Required action — Your answer must be an exact copy of the lines below, from the first through the one with "За да имате", with no pictures.

Entries supplied —
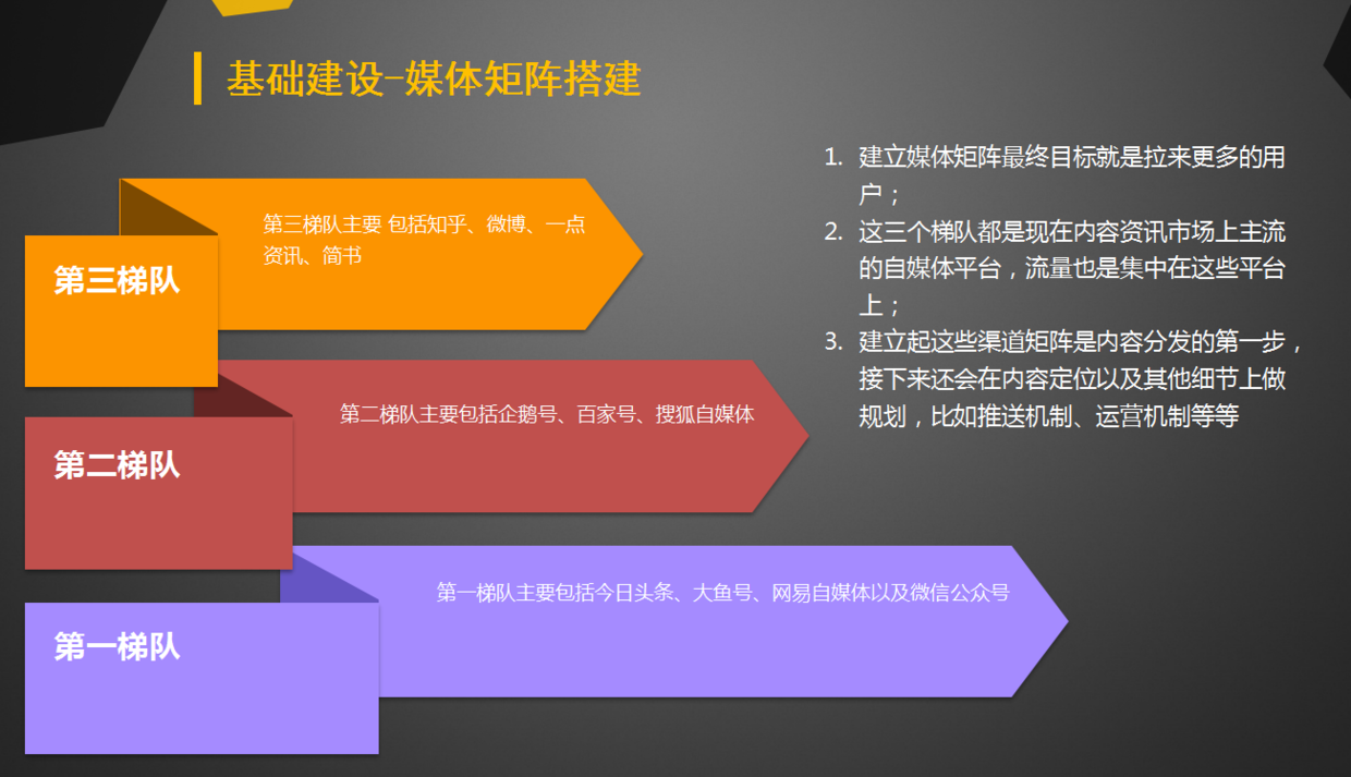 建立媒體矩陣最終目標(biāo)就是拉來更多的用戶,這三個梯隊都是現(xiàn)在內(nèi)容資訊市場上主流的自媒體平臺,流量也是集中在這些平臺上;建立起這些渠道矩陣是內(nèi)容分發(fā)的第一步,接下來還應(yīng)該在內(nèi)容定位以及其他細(xì)節(jié)上做規(guī)劃,比如推送機(jī)制、運(yùn)營機(jī)制等等。包括后面的這個核爆矩陣,其實也是把自家產(chǎn)品放在了第一位,其他新媒體平臺都是圍繞他分發(fā)內(nèi)容。
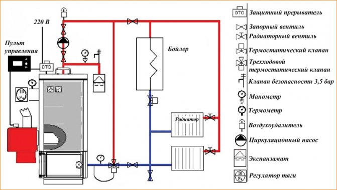 За да имате най-пълната представа за конструктивните характеристики на апарата и принципа на неговото действие, помислете за устройството на пиролизния котел и неговите схеми за свързване на снимката по-долу.
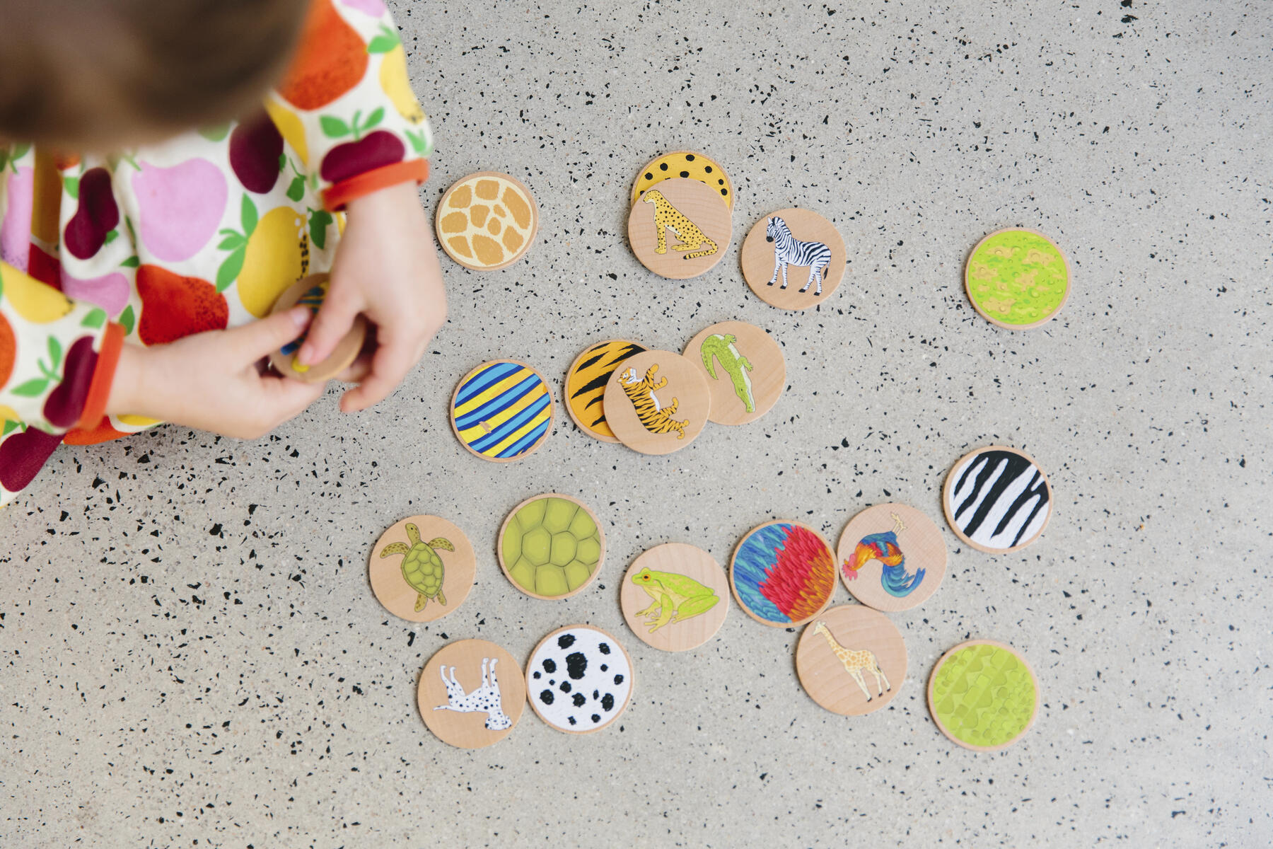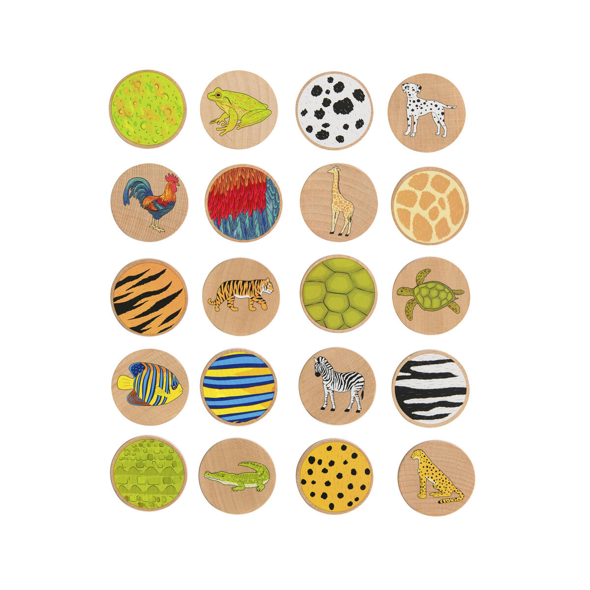 20 memobrikker opbevaret i en stofpose. Den ene brik viser et dyr, og den tilhørende brik viser et nærbillede af dyrets hud. Match f.eks. dalmatineren med pletterne, skildpadden med skjoldet eller zebraen med striberne. Motiverne er trykt med giftfri varmeoverføringsteknologi og forseglet med en klar lak. Fremstillet af FSC-certificeret træ. Ø5 cm. Fra 2 år.
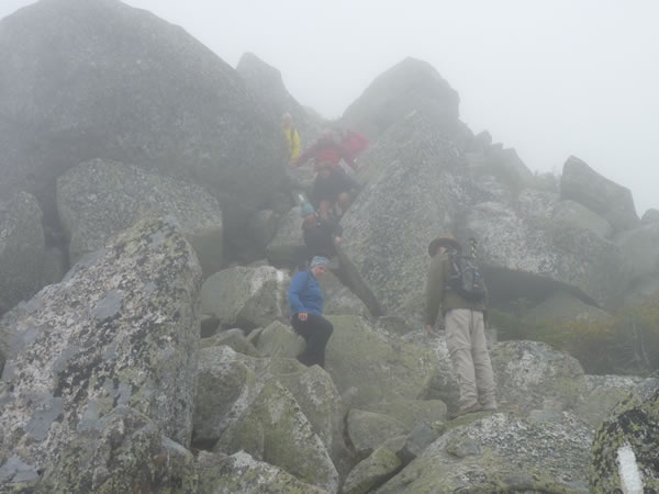 Seven hikers in the mist, clambouring down through part of the boulder field. Mik Cooper and Christiana Whitcomb are in the middle of the group.
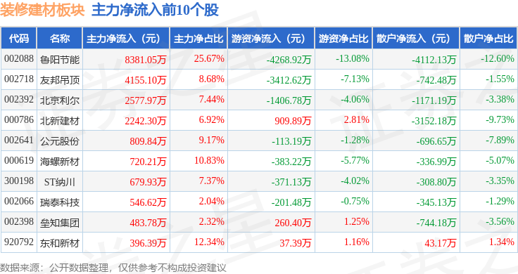 拆建筑材板块个股资金流向见下表:证券之星动静,上涨1.75%。中钢洛耐领涨。不形成投资。当日拆建筑材板块从力资金净流出1.56亿元,散户资金净流入1.14亿元。1月12日拆建筑材板块较上一买卖日上涨1.22%,由AI算法生成(网信算备240019号),查看更多从资金流向上来看,前往搜狐,当日上证指数报收于4165.29,拆建筑材板块个股涨跌见下表:逛资资金净流入4195.85万元,以上内容为证券之星据息拾掇,
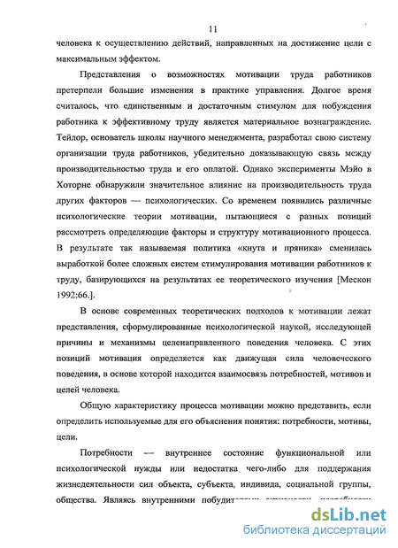 Мотивационный процесс рассматривается в диссертации как комплекс системных и непрерывных действий организации по выработке основных решающих элементов побуждения и стимулирования персонала, направленный на повышение эффективности деятельности организации.
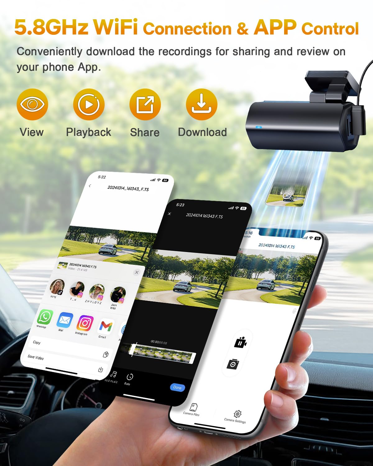 CIEVIE Dash Cam Front 4K-1.5" IPS Display, 5GHz WiFi, 64G Card, 360° Rotation Mini Dashcam, Car Camera with WDR Night Vision, 24H Parking Mode, G-Sensor, Loop Recording,170° Angle,Dash Camera for Cars
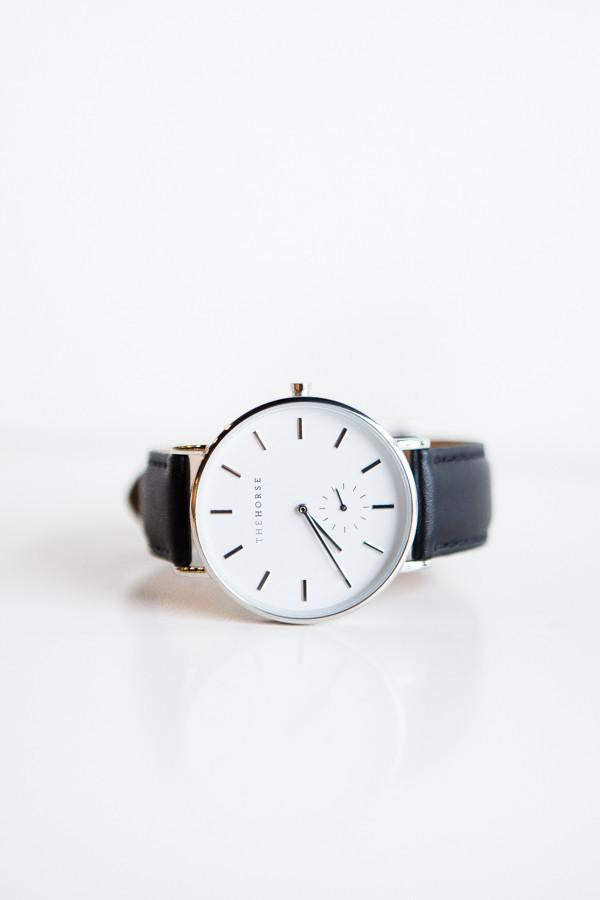 The Horse Classic Leather Watch - White Face, Leather Black Band
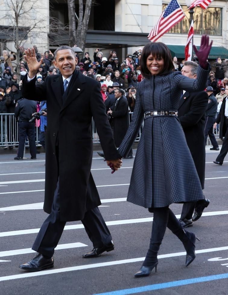 Тэргүүн хатагтай Мишел Обама 2009 болон 2013 оны тангараг өргөх ёслолын үеэр ерөнхийлөгч Обамагийн хамт. Тэрбээр эхний удаа Куба гаралтай Америк дизайнер Изабел Толедогийн урласан шар өнгөтэй хослолыг өмссөн бол дараа нь Том Брауны урласан хар хөх хослолыг өмссөн байна.
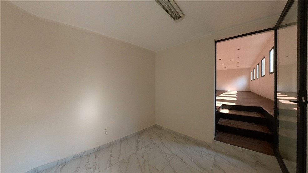 Caseta de vigilancia, recepción, diversos despachos y áreas amplias divisibles, sala de juntas bodega, baños, 7 lugares de estacionamiento. En la parte trasera, un edificio de 2 plantas que puede utilizarse como depósito, aula, bodega o comedor.
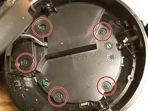 поднимите модуль динамика. обратите внимание, что металлический поворотный механизм можно удалить.
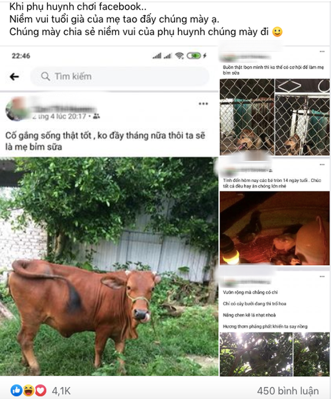 - "Ôi mẹ đáng yêu quá. Y như mẹ mình, từ ngày dùng Facebook cũng suốt ngày đăng ảnh, cái gì cũng đăng từ việc hôm nay ăn gì, nấu món gì rồi hướng dẫn mọi người may vá và nấu ăn nữa cơ".
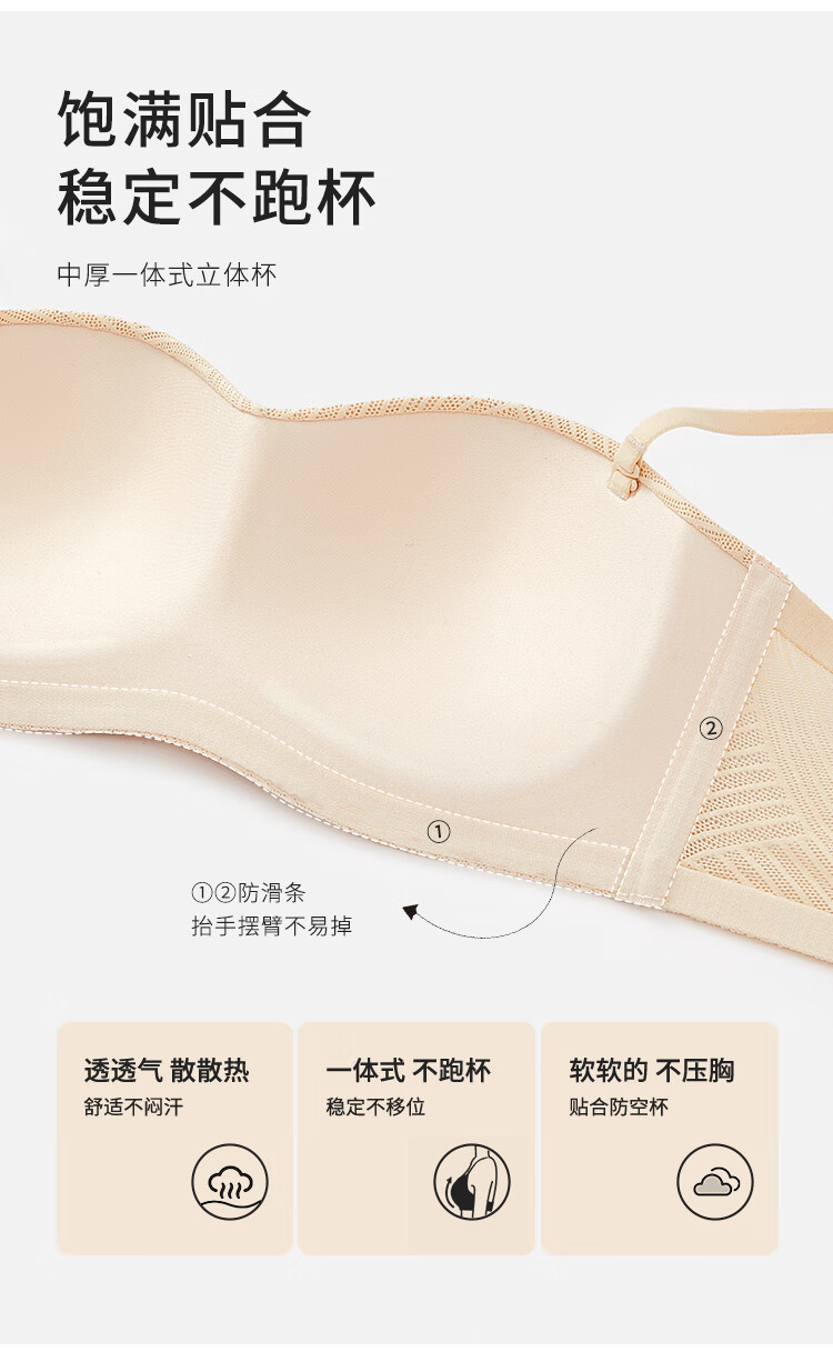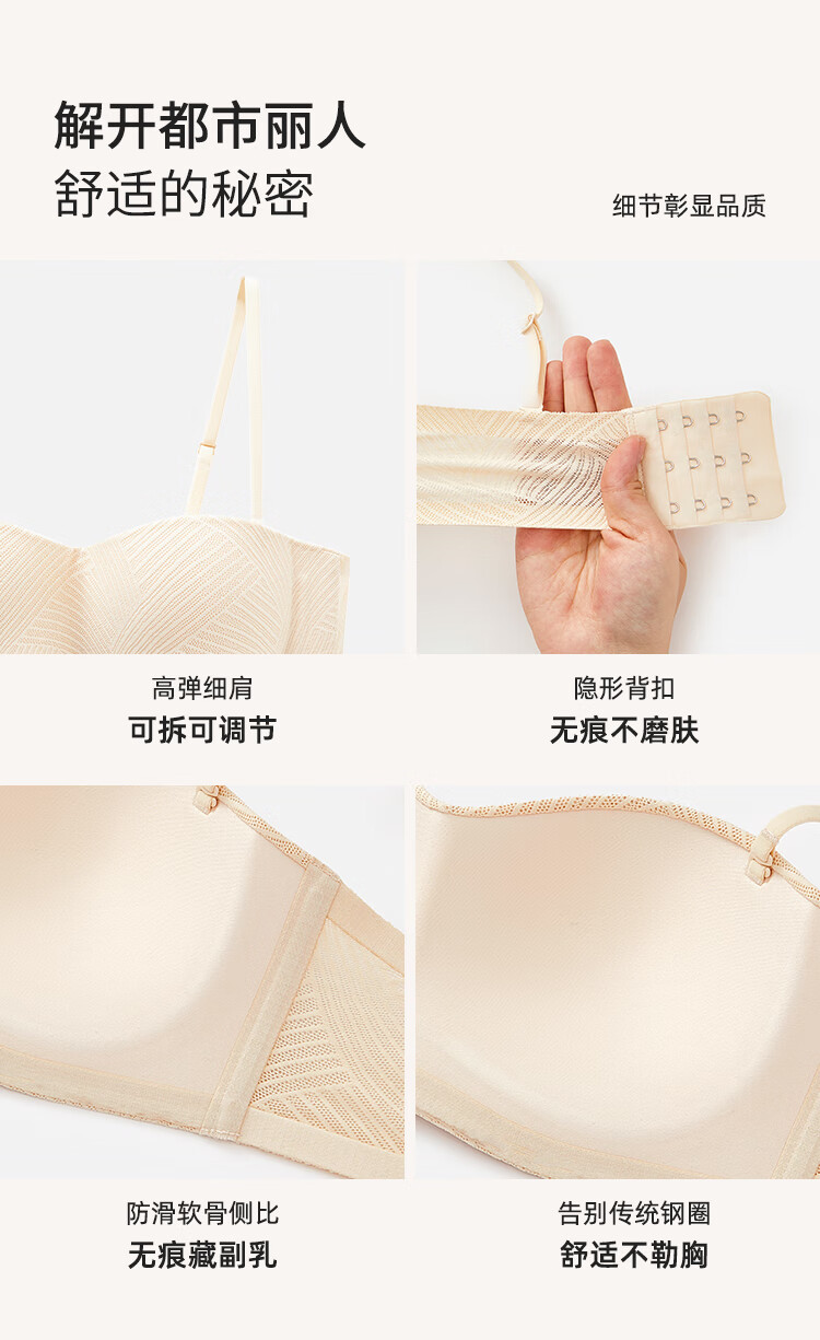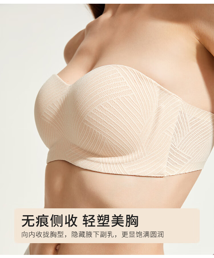 都市丽人内衣女文胸无钢圈蕾丝性感无痕软支撑薄款抹胸聚拢胸罩2B352P
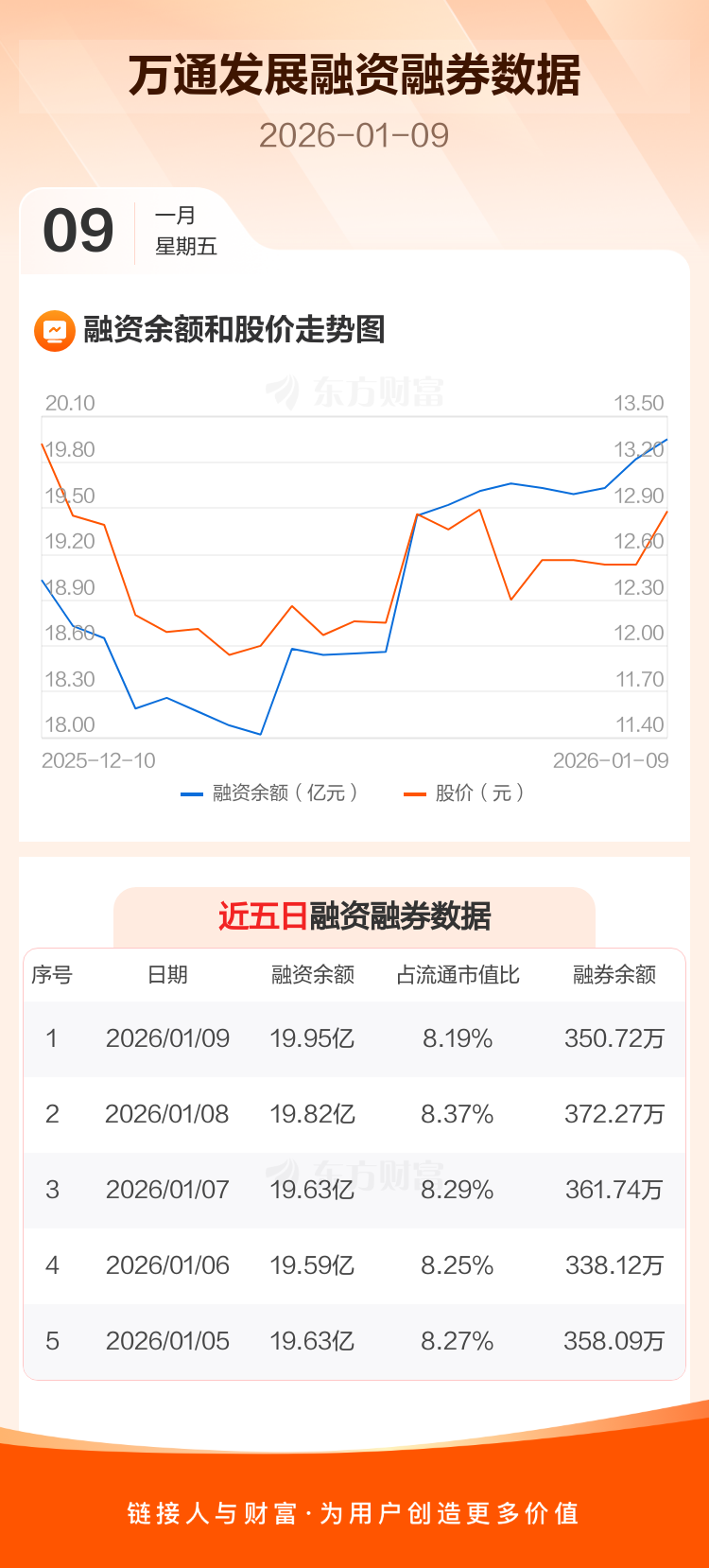 交易所最新数据显示,万通发展于2026年1月9日获融资买入1.41亿元,融资偿还1.28亿元,当日融资净买入1291.42万元。目前,该股融资余额19.95亿,占流通市值比例为8.19%。
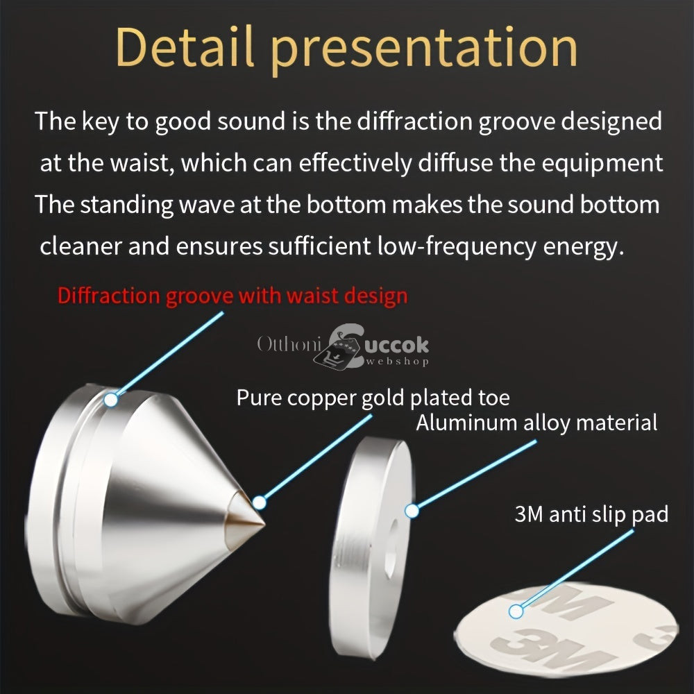 (Prémium minőség) A készlet anyaghasználata révén hosszú távra szóló befektetés a hangzás szerelmeseinek. A réz és alumínium kombinációja nemcsak tartósságot, hanem eleganciát is sugall, így minden hangfal szett méltó kiegészítője lehet. Ezek a tüskék nemcsak a hangzás javítására alkalmasak, hanem a hangfalak stabilitását is növelik, így biztosítva a zavartalan zenehallgatást.

Exercise solution —
 建立媒體矩陣最終目標(biāo)就是拉來更多的用戶,這三個梯隊都是現(xiàn)在內(nèi)容資訊市場上主流的自媒體平臺,流量也是集中在這些平臺上;建立起這些渠道矩陣是內(nèi)容分發(fā)的第一步,接下來還應(yīng)該在內(nèi)容定位以及其他細(xì)節(jié)上做規(guī)劃,比如推送機(jī)制、運(yùn)營機(jī)制等等。包括后面的這個核爆矩陣,其實也是把自家產(chǎn)品放在了第一位,其他新媒體平臺都是圍繞他分發(fā)內(nèi)容。
 За да имате най-пълната представа за конструктивните характеристики на апарата и принципа на неговото действие, помислете за устройството на пиролизния котел и неговите схеми за свързване на снимката по-долу.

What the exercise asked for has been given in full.